Thomas Parker, 1st Earl of Macclesfield,  (23 July 1666 – 28 April 1732) was an English Whig politician who sat in the House of Commons from 1705 to 1710. He was Lord Chief Justice from 1710 to 1718 and acted briefly as one of the regents before the arrival of King George I in Britain. His career ended when he was convicted of corruption on a massive scale and he spent the later years of his life in retirement at his home, Shirburn Castle in Oxfordshire.

Early life
Parker was born in Staffordshire, the son of Thomas Parker, an attorney at Leek and his wife Anne, daughter of Robert Venables of Nuneham, Cheshire. Sir Richard Levinge, 1st Baronet, a leading figure in Irish public life for three decades, was his first cousin. He was educated at Adams' Grammar School at Newport, Shropshire, Derby School in 1680 and at Rev. Samuel Ogden's school at Derby. He was admitted at Inner Temple in 1684 and at Trinity College, Cambridge as a pensioner in 1685. On 23 April 1691, he married Janet Carrier, whose sister was the wife of William Anson and mother of the future Admiral Lord Anson. He was called to the bar in 1694. Together they had two children:

Lady Elizabeth Parker (d. 21 Feb 1747) married Sir William Heathcote, 1st Baronet. They had six sons and three daughters.
George Parker, 2nd Earl of Macclesfield (circa 1697 - 17 Mar 1764)

Political career
Parker was returned as Whig Member of Parliament for Derby at the 1705 English general election and was appointed QC and serjeant-at-law and knighted on 9 July 1705. He was returned unopposed for Derby at the 1708 British general election. Like other Whigs, he voted for the general naturalization of foreign Protestants in 1709. Being one of the leading Whig lawyers in the House of Commons, he was deeply involved in the moves to impeach Dr Sacheverell. He was appointed to the committee to draw up the articles of impeachment on 14 December 1709. The committee was later given the management of the trial.
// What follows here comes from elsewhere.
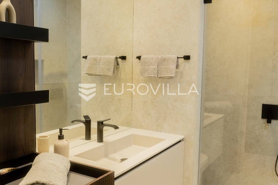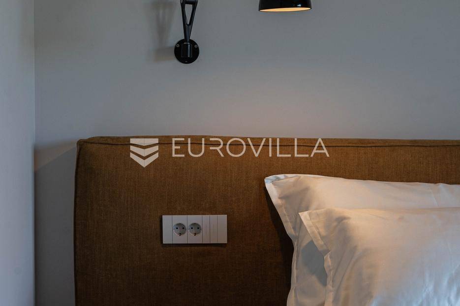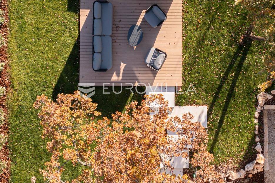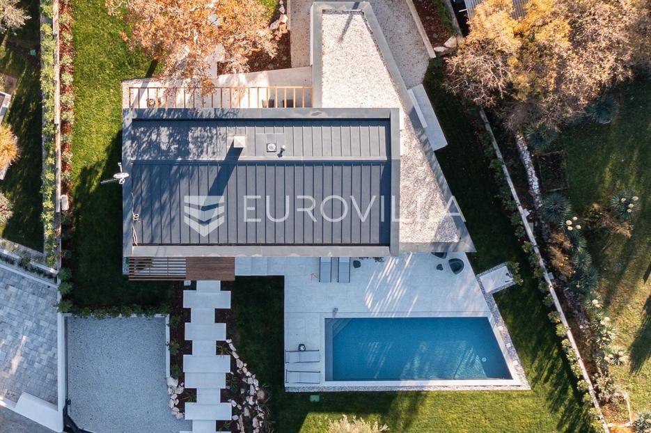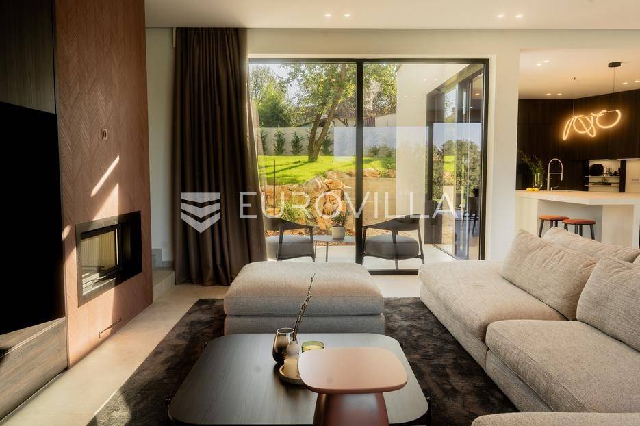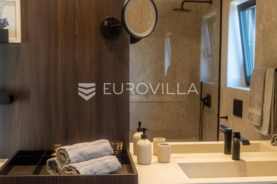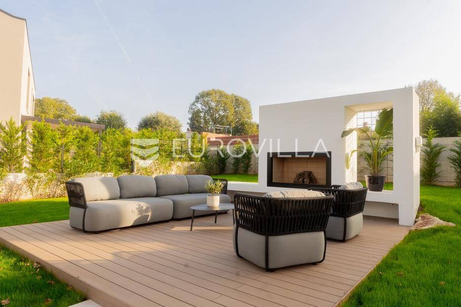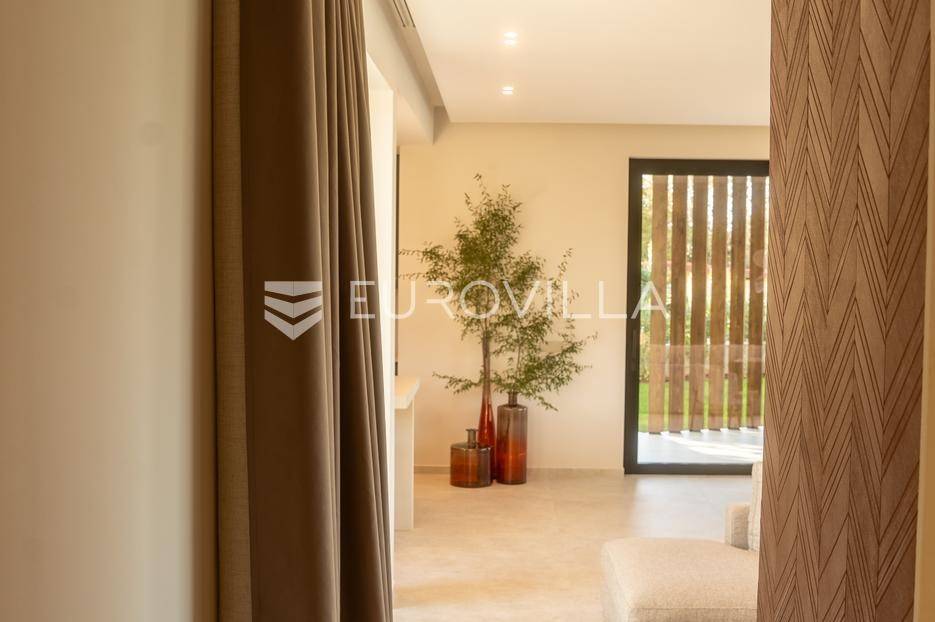 Istra - Marasi. Na prodaju je moderna, luksuzna i vrhunski izvedena samostojeća vila od 225 m², smještena na zemljištu od 1000 m².Tlocrt je funkcionalno osmišljen na dvije etaže.U prizemlju se nalaze ulazni hodnik, gospodarska prostorija, WC te prostor predviđen za saunu ili fitness. Prostrani dnevni boravak s kuhinjom i blagovaonicom izlazi na natkrivenu terasu.Na katu se nalaze tri udobne spavaće sobe, svaka s vlastitom kupaonicom, što osigurava maksimalnu privatnost i komfor.Vila je građena s naglaskom na kvalitetu i dugotrajnost - korišteni su vrhunski materijali i oprema. Posebno se ističu aluminijska stolarija, podno grijanje putem dizalice topline, klima uređaji u svim prostorijama, parket i keramika prvoklasne kvalitete te dizajnerski namještaj renomiranih talijanskih brandova. Visina stropa od 3 m dodatno naglašava osjećaj prostranosti. Kuhinja je potpuno opremljena aparatima Miele, Liebherr i Faber.Okućnica je jednako impresivna - uređena je mediteranskim biljem, s lounge zonom i kaminom, bazenom površine 37 m² s masažnim mlaznicama i rasvjetom, kao i terasom s roštiljem, sudoperom i radnom pločom. Poseban detalj su atraktivne dizajnerske betonske stepenice koje vode kroz dvorište.Lokacija vile pruža potpunu privatnost - nalazi se na rubu građevinske zone, s otvorenim pogledima na maslinike i voćnjake, dok se s gornje etaže proteže pogled sve do mora.Ova nekretnina je pravi izbor za one koji traže luksuz, udobnost i mir u istarskom okruženju.Preporuka agencije. Za sve upite stojimo na raspolaganju.... Više na eurovilla.hr, ID: 879063
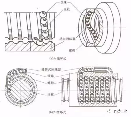 滾珠絲杠常用的循環(huán)方式有兩種:外循環(huán)和內循環(huán)。滾珠在循環(huán)過(guò)程中有時(shí)與絲杠脫離接觸的稱(chēng)為外循環(huán);始終與絲杠保持接觸的稱(chēng)為內循環(huán)。

In 1710 he refused the office of Lord High Chancellor of Great Britain, but was made a Privy Counsellor. The office of Lord Chief Justice fell vacant in 1710 and the administration wanted a quick replacement. Parker was appointed on 11 March 1710 and vacated his seat in the House of Commons.

Lord Chief Justice

From 1710 to 1718 Parker was involved in the prosecution of Dr Sacheverell. He made a vehement attack on Sacheverell and the high church clergy. He defended Whig propagandists and harried Tory publicists, including Defoe and Swift, on the slightest suspicion of favouring the Pretender. He spoke against the peace in the Privy Council in April 1713. In June 1714 he was given evidence of the recruiting activity of Jacobite agents which resulted in a price being placed on the Pretender's head. On 1 August 1714, Queen Anne died, and her successor, King George I, was in Hanover, so Baron Parker was designated as one of the regents of Great Britain, Ireland and the realms beyond the seas until the new monarch arrived in Britain. His support for the Hanoverian succession was appreciated by King George I who reappointed him lord chief justice in 1714, and raised him to the peerage as Baron Parker of Macclesfield in 1716, in which year he purchased, and then commenced to restore, Shirburn Castle in Oxfordshire, which was to be the seat of the house of Macclesfield for the next 300 years. In 1718, because the King could not speak English, Parker read the King's Speech in the House of Lords.

Lord Chancellor
In 1718, Parker became Lord Chancellor, and was given a pension for life. In 1721, he was advanced to the title Earl of Macclesfield with the additional subsidiary title of Viscount Parker.

Impeachment
In 1724, Parker was implicated in financial irregularities, but he did not resign as Lord High Chancellor of Great Britain until 1725. In 1725, he was impeached and tried in the House of Lords. He was, unanimously, convicted of corruption for taking more than £100,000 in bribes (the equivalent of more than £11,000,000 today). He was fined £30,000 and placed in the Tower of London until payment was received. He was also struck off the roll of the Privy Council. He was a fabulously wealthy man, possibly because of his corruption, but as this money was confiscated, he had no resources to pay a fine. He spent most of the rest of his life at Shirburn Castle. He died in Soho Square, London on 28 April 1732 and was buried at Shirburn.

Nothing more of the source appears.